Huffman Coding Algorithm

The Huffman coding algorithm follows these steps:

  1. Frequency Counting: Count the frequency of each character in the input text.
  2. Build Huffman Tree: Build a Huffman tree using a priority queue (min-heap) or similar data structure. The tree is constructed by repeatedly merging the two nodes with the lowest frequencies until only one node remains, which becomes the root of the Huffman tree.
  3. Generate Codes: Traverse the Huffman tree to generate Huffman codes for each character. The code for each character is determined by the path from the root of the tree to the leaf node representing that character.
  4. Encode Data: Encode the input text using the generated Huffman codes.
  5. Decode Data: Decode the encoded text using the same Huffman tree.

Pseudocode

 1
 2
 3
 4
 5
 6
 7
 8
 9
10
11
12
13
14
15
16
17
18
19
20
21
22
23
24
25
Node:
    character
    frequency
    left_child
    right_child

HuffmanCoding(X):
    1. Count the frequency of each character in string X.
    2. Create an empty min-heap Q.
    3. for each character c in X:
         - Insert a node containing c, its frequency, and null left and right children into Q.
    4. while |Q| > 1:
         - Remove two nodes with the lowest frequencies, say node1 and node2, from Q.
         - Create a new internal node with frequency = node1.frequency + node2.frequency.
         - Set node1 as the left child and node2 as the right child of the new internal node.
         - Insert the new internal node back into Q.
    5. root = Q.pop()  // The root of the Huffman tree is the last node remaining in Q.
    6. GenerateCodes(root, "")  // Call a recursive function to generate Huffman codes for each character.

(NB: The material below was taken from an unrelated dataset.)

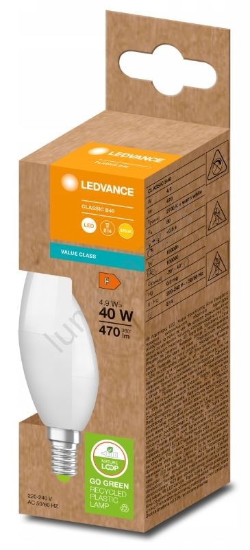Ampoule en plastique recyclé B40 E14/4,9W/230V 2700K - Ledvance

GenerateCodes(node, code):
    if node is a leaf node:
        Output node.character and code  // Output the character and its corresponding code
    else:
        GenerateCodes(node.left_child, code + "0")  // Traverse left and append '0' to the code
        GenerateCodes(node.right_child, code + "1")  // Traverse right and append '1' to the code

Complexity Analysis

  • Building Huffman Tree: The time complexity of building the Huffman tree is \(O(n \log n)\), where \(n\) is the number of unique characters in the input text. This is because each insertion and deletion operation in the priority queue takes \(O(\log n)\) time, and there are \(n\) characters to process.
  • Generating Codes: The time complexity of generating Huffman codes is \(O(n)\), where \(n\) is the number of unique characters in the input text. This is because each character corresponds to a leaf node in the Huffman tree, and traversing from the root to each leaf node takes constant time.
  • Encoding and Decoding: The time complexity of encoding and decoding the text using Huffman codes is \(O(m)\), where \(m\) is the length of the input text. This is because each character in the input text is replaced by its corresponding Huffman code, which takes constant time.